For example, our indices are [n_train: n_train+n_val] when using split="val". As the shuffle=False, the idx sampler is SequentialSampler(Subset(data_container, indices)). Notice that this sampler produces indices in range [0, n_val].
super().__init__(
data_container, ## here is the full set.
sampler=batch_sampler,
collate_fn=lambda x: collate(x, data_container),
pin_memory=True, # load on CPU push to GPU
**kwargs
)
as shown in this code snippet, the "dataset" passed to the DataLoader is the full dataset. Then, the iterator of data loader would take sample according to the indices provided by the sampler. As illustrated above, the sampler produces indices in range [0, n_val]. Therefore, it actually takes data from a subset of training part.
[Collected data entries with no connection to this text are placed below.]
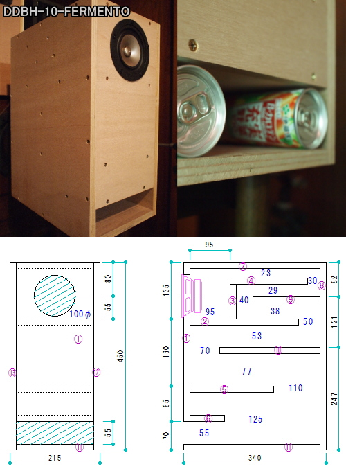 | model:DDBH-10-FERMENTO (10cmフルレンジ・前面開口型ダンプダクト・バックロードホーン) ----作った後、弄って遊びたい方にオススメです(笑)---- |
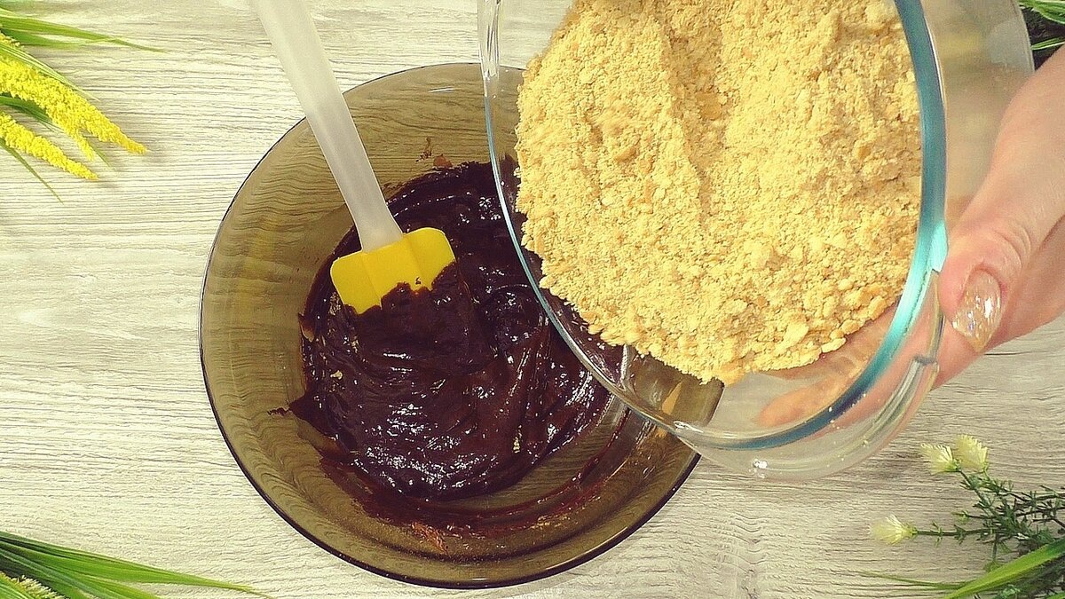 Добавляем крошку из печенья в миску с шоколадной массой, перемешиваем.
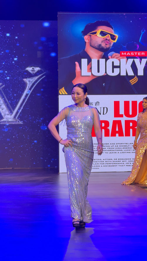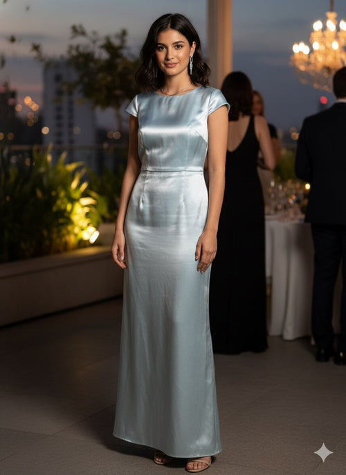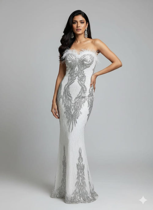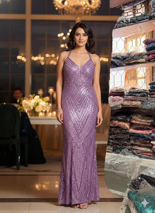 Powder Blue Sequin & Fringe Column Maxi Gown
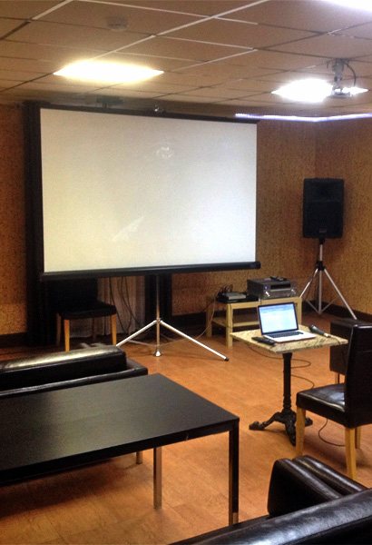 Затемненный зал идеален для просмотра бизнес проектов и презентаций на большом экране.
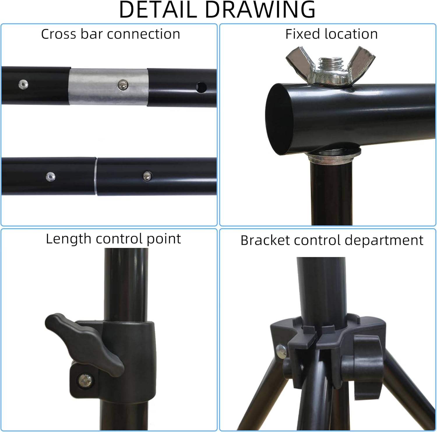 - 【Detachable Background Cross Bar】 The 4 sections of detachable crossbars can be assembled into suitable widths to adapt to backgrounds of different sizes. The maximum length of the 4-section crossbar can be 10 feet.

class CustomDataLoader(DataLoader):
def __init__(
self, data_container, batch_size, indices, shuffle, seed=None, **kwargs
):
if shuffle:
generator = torch.Generator()
if seed is not None:
generator.manual_seed(seed)
idx_sampler = SubsetRandomSampler(indices, generator)
else:
idx_sampler = SequentialSampler(Subset(data_container, indices))
batch_sampler = BatchSampler(
idx_sampler, batch_size=batch_size, drop_last=False
)
# Note: a bug here if we do not use subset.
# Sequential sampler on subset returns index like (0, 1, 2, 3...)
# However, the returned index is on the full data.
# If we do not take Subset here, it uses data from training subset.
dataset = data_container if shuffle else Subset(data_container, indices)
super().__init__(
dataset ,
sampler=batch_sampler,
collate_fn=data_container.collate_fn,
pin_memory=True, # load on CPU push to GPU
**kwargs
)